> DATA UNDER STUDY
##########

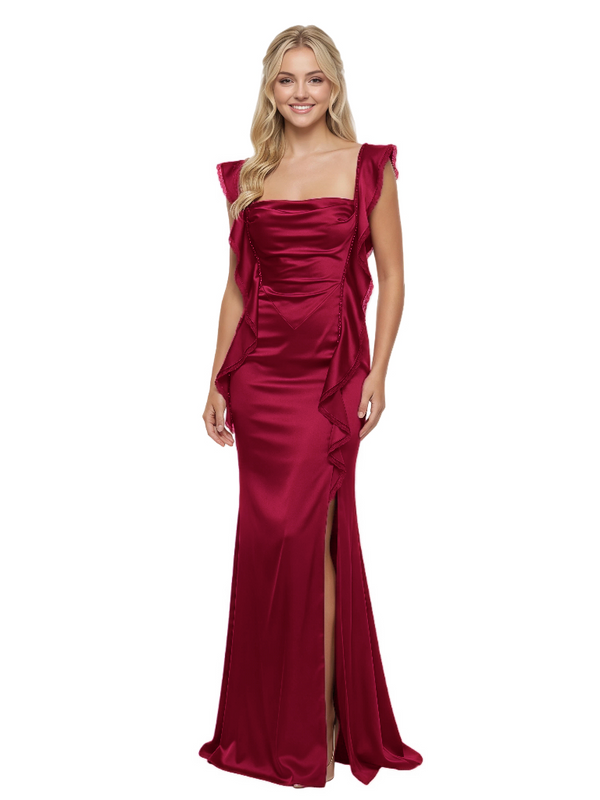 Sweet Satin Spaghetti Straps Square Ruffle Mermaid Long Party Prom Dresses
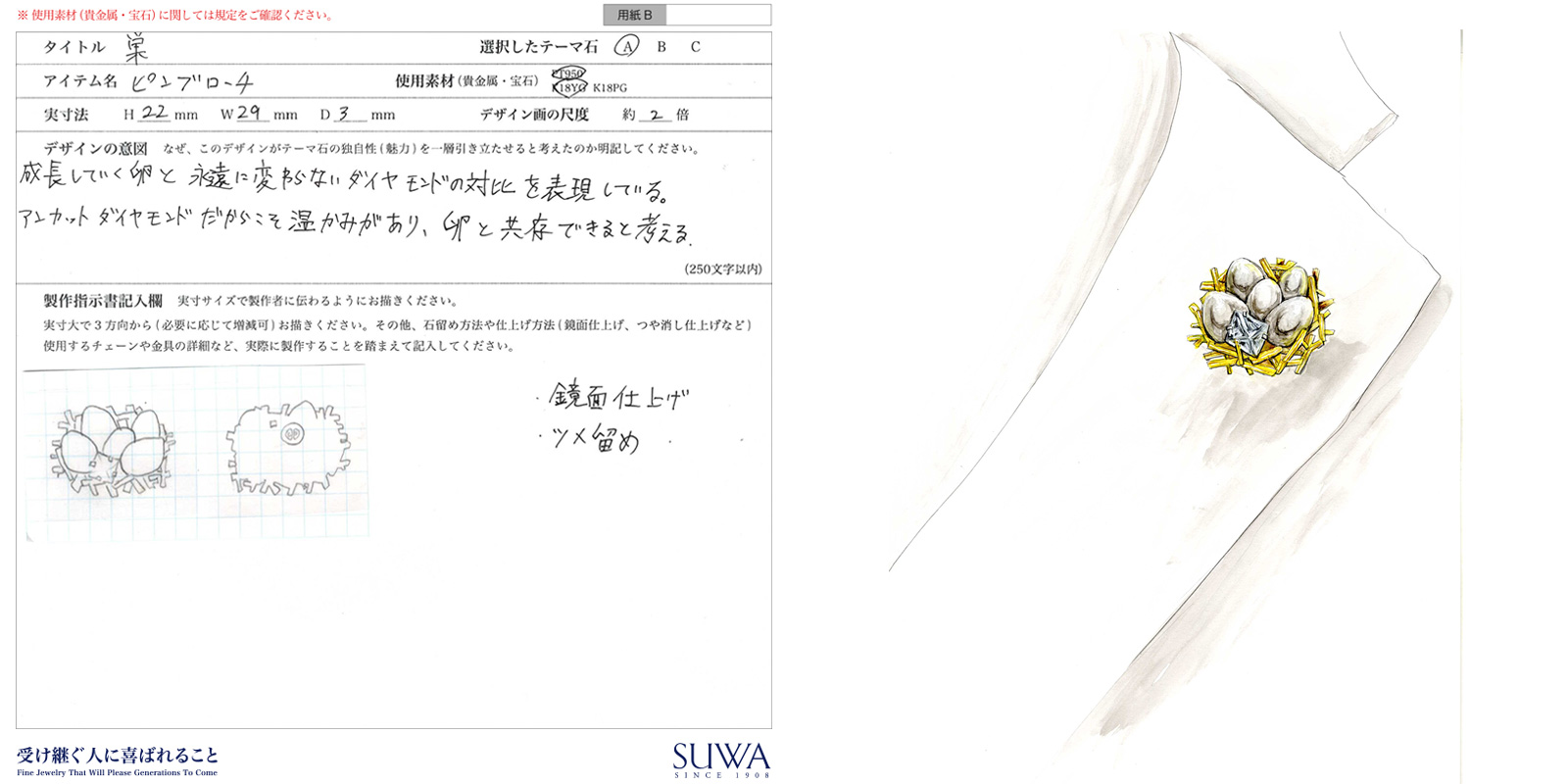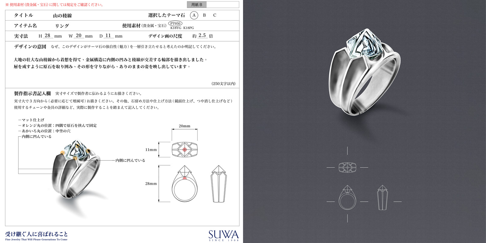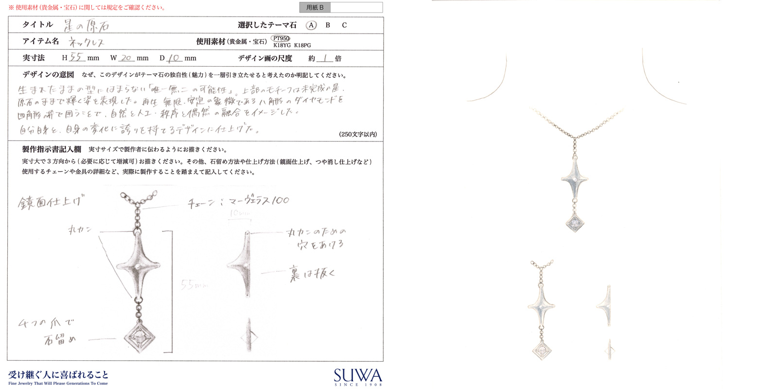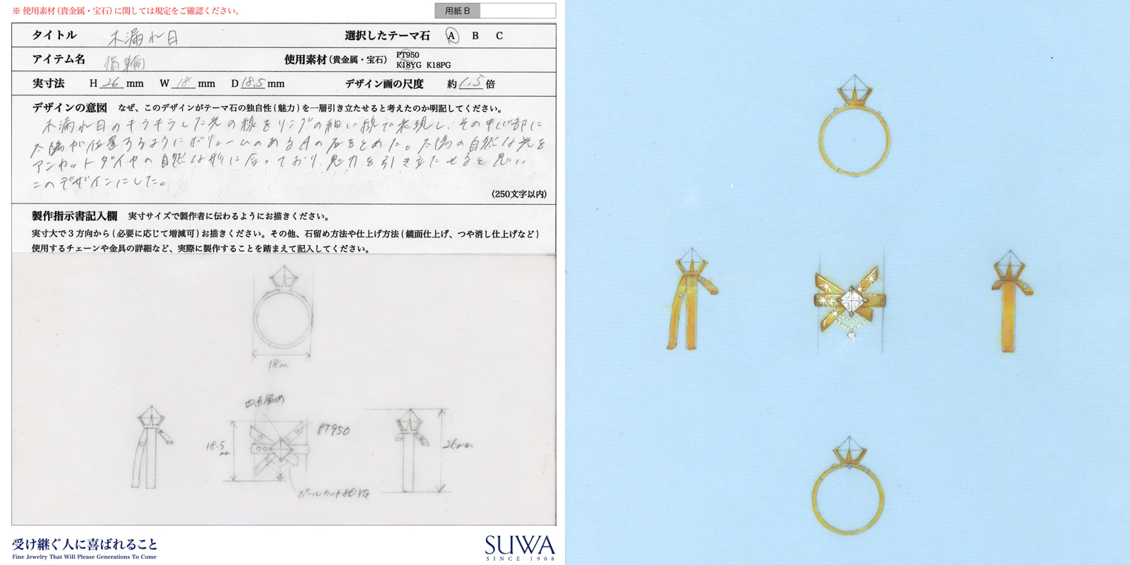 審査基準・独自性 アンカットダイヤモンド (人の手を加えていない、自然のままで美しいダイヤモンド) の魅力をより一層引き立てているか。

##########

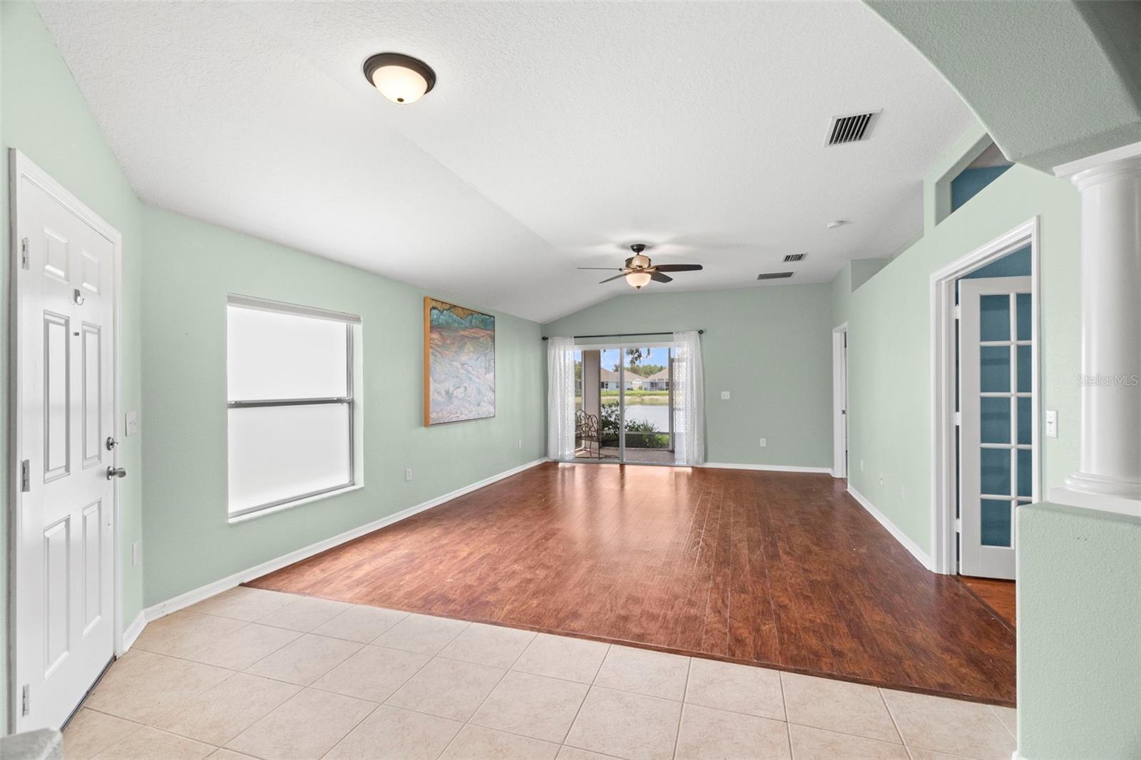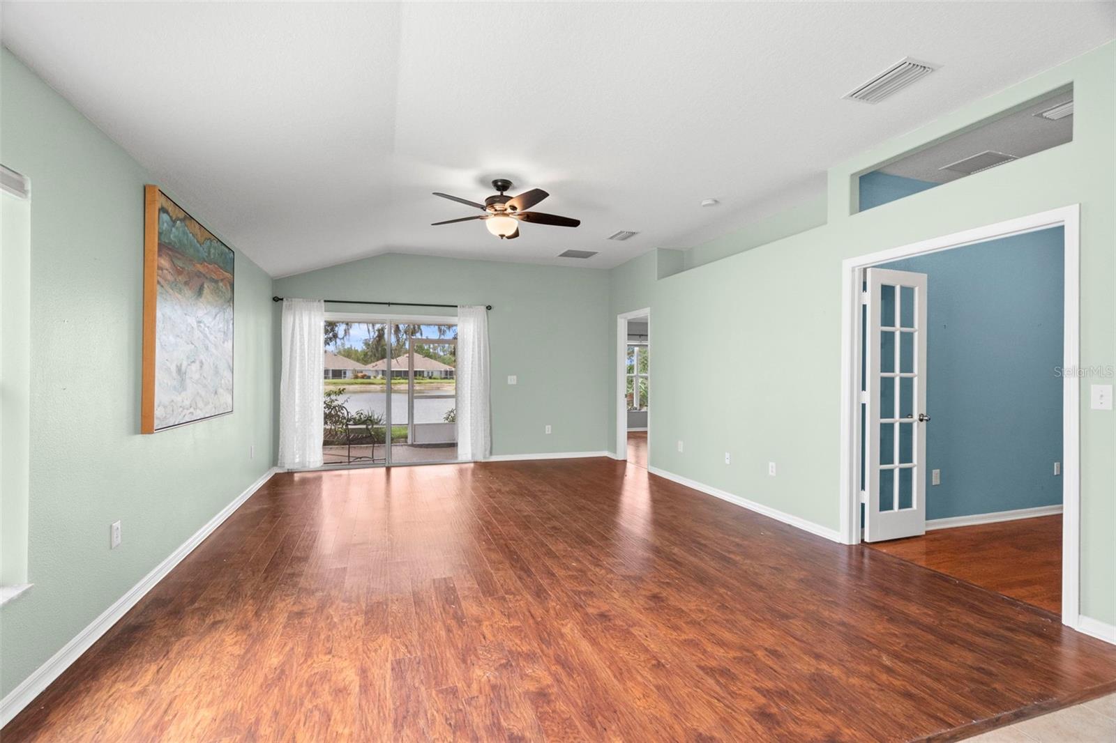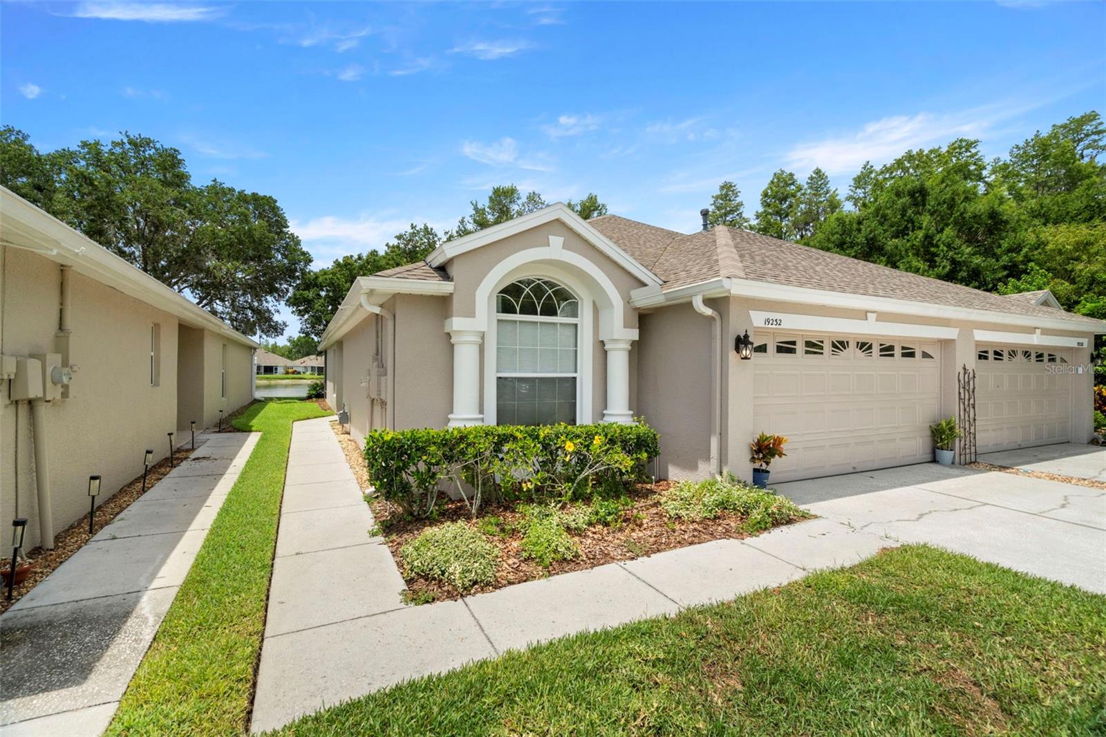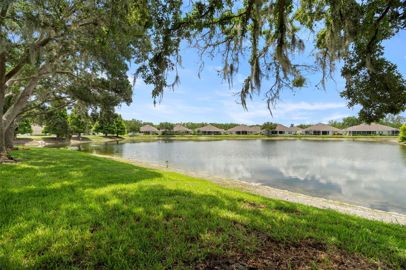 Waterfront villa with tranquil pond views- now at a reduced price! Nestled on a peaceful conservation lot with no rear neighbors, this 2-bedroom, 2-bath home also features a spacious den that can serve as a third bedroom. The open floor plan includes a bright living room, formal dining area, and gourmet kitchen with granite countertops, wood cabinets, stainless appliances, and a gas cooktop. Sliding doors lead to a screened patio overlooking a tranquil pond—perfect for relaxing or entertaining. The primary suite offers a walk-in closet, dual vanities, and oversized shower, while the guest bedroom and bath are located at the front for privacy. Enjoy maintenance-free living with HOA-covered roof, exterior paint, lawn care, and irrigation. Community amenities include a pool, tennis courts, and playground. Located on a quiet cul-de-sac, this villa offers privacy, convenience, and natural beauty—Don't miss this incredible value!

##########

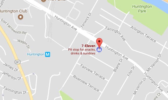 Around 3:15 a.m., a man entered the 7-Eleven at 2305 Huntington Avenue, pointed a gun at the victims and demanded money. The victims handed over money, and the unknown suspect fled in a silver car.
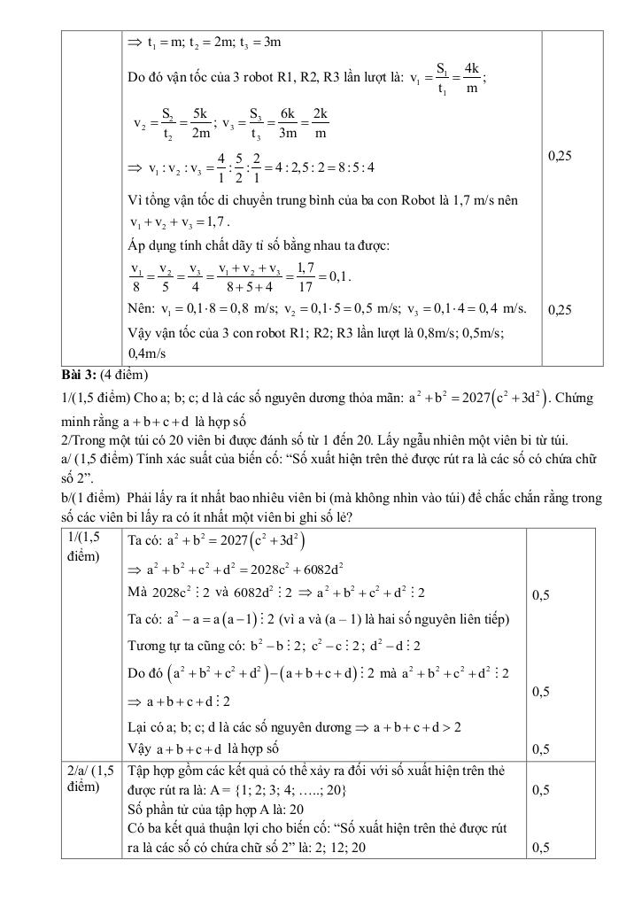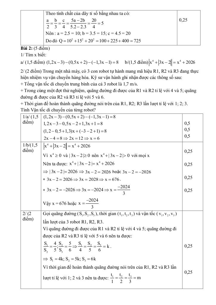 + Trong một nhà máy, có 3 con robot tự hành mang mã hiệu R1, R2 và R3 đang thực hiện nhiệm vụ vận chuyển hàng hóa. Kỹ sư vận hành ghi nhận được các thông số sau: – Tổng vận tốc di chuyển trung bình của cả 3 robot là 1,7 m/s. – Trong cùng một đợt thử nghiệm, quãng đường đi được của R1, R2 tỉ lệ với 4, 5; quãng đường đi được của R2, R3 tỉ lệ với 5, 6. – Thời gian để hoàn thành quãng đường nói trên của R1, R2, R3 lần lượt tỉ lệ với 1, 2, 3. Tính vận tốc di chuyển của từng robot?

##########

Give back, exactly and without pictures, the stretch of the records above from the line containing "Sweet Satin Spaghetti" through the line containing "審査基準・独自性 アンカットダイヤモンド (人の手を加えていない、自然のままで美しいダイヤモンド)", with both end lines included.

 Sweet Satin Spaghetti Straps Square Ruffle Mermaid Long Party Prom Dresses
 審査基準・独自性 アンカットダイヤモンド (人の手を加えていない、自然のままで美しいダイヤモンド) の魅力をより一層引き立てているか。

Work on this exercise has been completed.